26. The Plan is open to participation by all Unitholders (other than Unitholders who are non-residents of Canada) so that such Unitholders can ensure protection against potential dilution, albeit insignificant, by electing to participate in the Plan.

27. No commissions, service charges or brokerage fees will be payable by Plan Participants in connection with the Plan.

28. Plan Units purchased under the Plan will be registered in the name of CDS and credited to the account of the CDS Participant through whom a Unitholder holds Trust Units.

29. Each Unitholder must elect to participate in the Plan on a monthly basis through the applicable CDS Participant and will not be required to participate in the Plan in respect of any particular Distribution unless a Unitholder has specifically elected to do so. The Trust has the right to amend, suspend or terminate the Plan at any time, provided that such action shall not have a retroactive effect which would prejudice the interests of the Plan Participants.

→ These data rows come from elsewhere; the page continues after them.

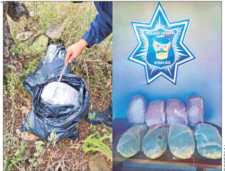
IMPLICADOS. Sujetos fueron consignados ante un agente del Ministerio Público de la Procuraduría General de Justicia de Hidalgo.

Ambos sujetos, que se identificaron con los nombres con iniciales O.M.C. y F.J.S.R., de 27 y 25 años, respectivamente, fueron consignados ante un agente del Ministerio Público de la Procuraduría General de Justicia de Hidalgo, relacionados con la carpeta de investigación iniciada en consecuencia.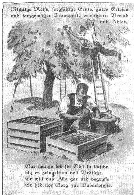
Richtige Reife, sorgfältige Ernte, gutes Erlesen und fachgemäßer Transport, erleichterten Verlad und Absatz.

sortiment und ein Zwergobstsortiment — wie als Augenweide. Dann sehen wir uns vordemonstriert die verschiedenen Verpackungsmethoden, die Einrichtungen des Obst-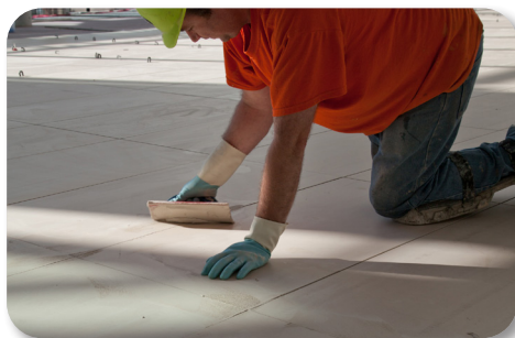
Temps ouvert prolongé / Jointoiment après 6 heures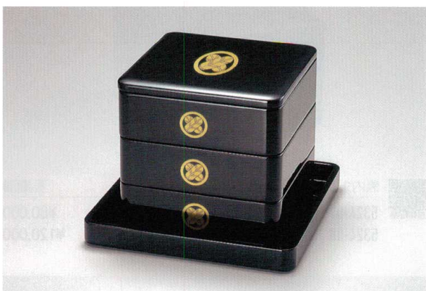
磨家紋入 65三段重 (木箱入) 木 漆 5323-04 19.7×19.7×19.2 84-1653-91 ¥180,000 総黒 65隅丸重 平台 木 漆 5324-15 25.8×25.8×3.0 84-0165 ¥24,000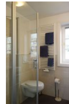
Handtuchwärmer und Toilette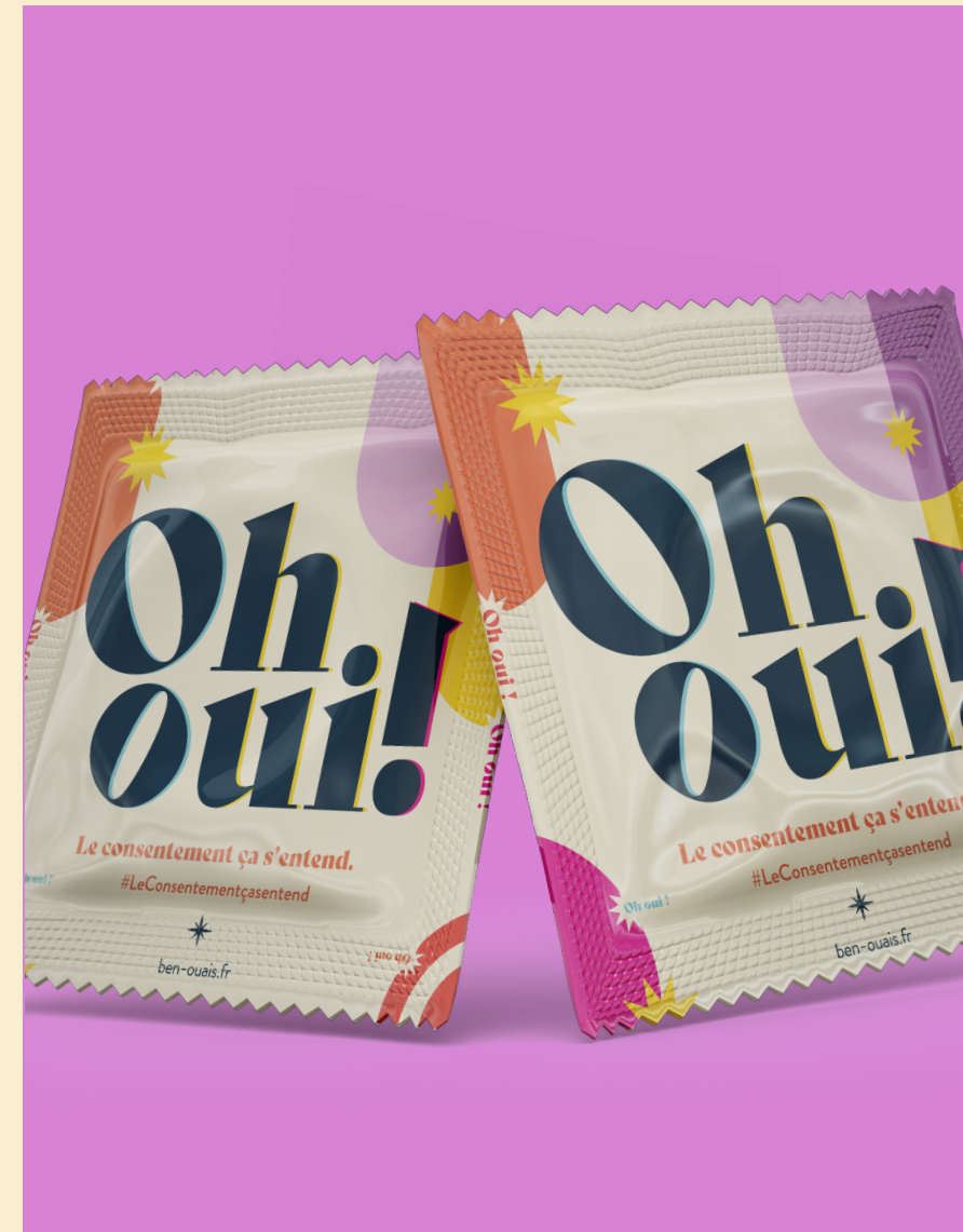
Préservatifs DUO pochettes cartonnées Photo non-contractuelle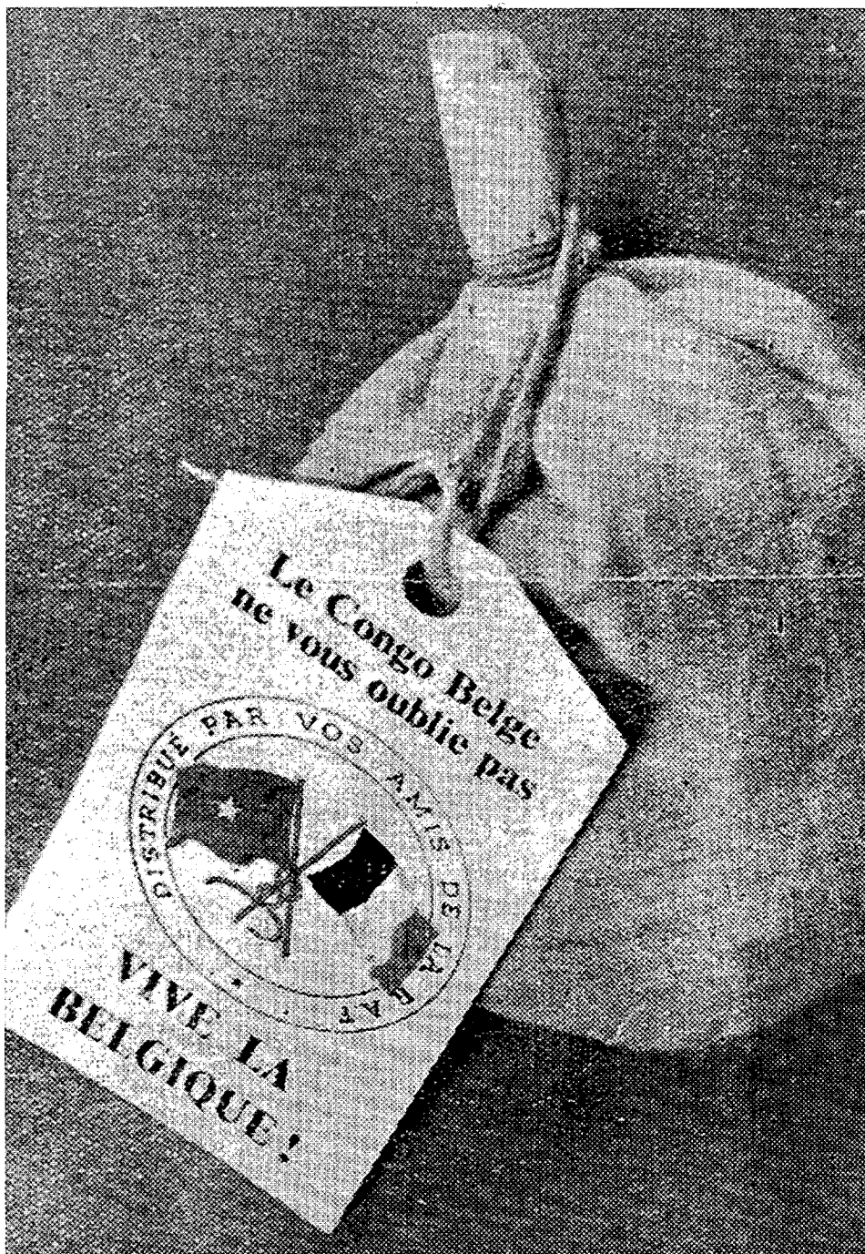
België schaarde zich automatisch aan de kant van de geallieerden en gaf haar kolonie als een soort onderpand aan de Britten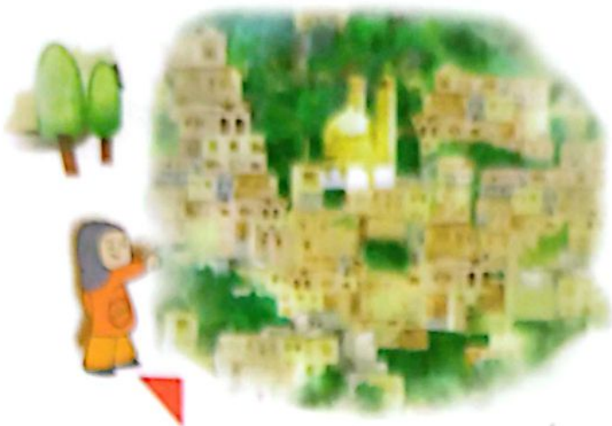
اینجا ماسوله‌ی گیلان است.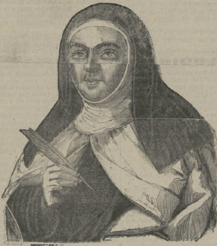
Teresa de Jesús.

Y como está acostumbrado á estas visitas ma- tutinas, continúa, sin darse prisa, los oficios hasta el fin. Al llegar á este punto distingue media docena de lobos colocados en espera al lado del primero, y les grita con formidable voz que les hace huir á la des- bandada: Ite, missa est.

All Plan Participants will be sent notice of any such amendment, suspension or termination via the applicable CDS Participant.

30. The distribution of the Plan Units by the Trust pursuant to the Plan cannot be made in reliance on certain registration and prospectus exemptions contained in the Legislation as the Plan involves the reinvestment of income distributed by the Trust and not the reinvestment of dividends or interest of the Trust.

31. The distribution of the Plan Units by the Trust pursuant to the Plan cannot be made in reliance on registration and prospectus exemptions contained in the Legislation for distribution reinvestment plans of mutual funds, as the Trust is not a "mutual fund" as defined in the Legislation.

AND WHEREAS under the System, this MRRS Decision Document evidences the decision of each of the Decision Makers (collectively, the "Decision");

AND WHEREAS each of the Decision Makers is satisfied that the test contained in the Legislation that provides the Decision Makers with the jurisdiction to make the Decision has been met;

THE DECISION of the Decision Makers pursuant to the Legislation is that the trades in Plan Units by the Trust to the Plan Participants pursuant to the Plan shall not be subject to the Registration and Prospectus Requirements of the Legislation provided that:

(a) at the time of the trade the Trust is a reporting issuer or the equivalent under the Legislation and is not in default of any requirements of the Legislation;

(b) no sales charge is payable in respect of the distributions;

(c) the Trust has caused to be sent to the person or company to whom the Plan Units are traded, not more than 12 months before the trade, a statement describing:

(i) their right to elect to participate in the Plan on a monthly basis to receive Plan Units instead of cash on the making of a distribution of income by the Trust; and

(ii) instructions on how to exercise the election referred to in (i);

(d) except in Quebec, the first trade in Plan Units acquired pursuant to this Decision in a Jurisdiction shall be deemed a distribution or primary distribution to the public under the Legislation unless the conditions set out in paragraphs 2 through 5 of subsection 2.6(3) of Multilateral Instrument 45-102 are satisfied

(e) in Quebec, the first trade (alienation) in Plan Units acquired pursuant to this Decision will be deemed to be a distribution or a primary distribution to the public unless:

(i) at the time of the first trade, the Trust is and has been a reporting issuer in Quebec for the four months preceding the trade;

(ii) no unusual effort is made to prepare the market or to create a demand for the securities that are the subject of the alienation;

(iii) no extraordinary commission or other consideration is paid in respect of the alienation;

(iv) If the seller of the securities is an insider of the Trust, the seller has no reasonable grounds to believe that the Trust is in default of any requirement of Quebec's securities legislation.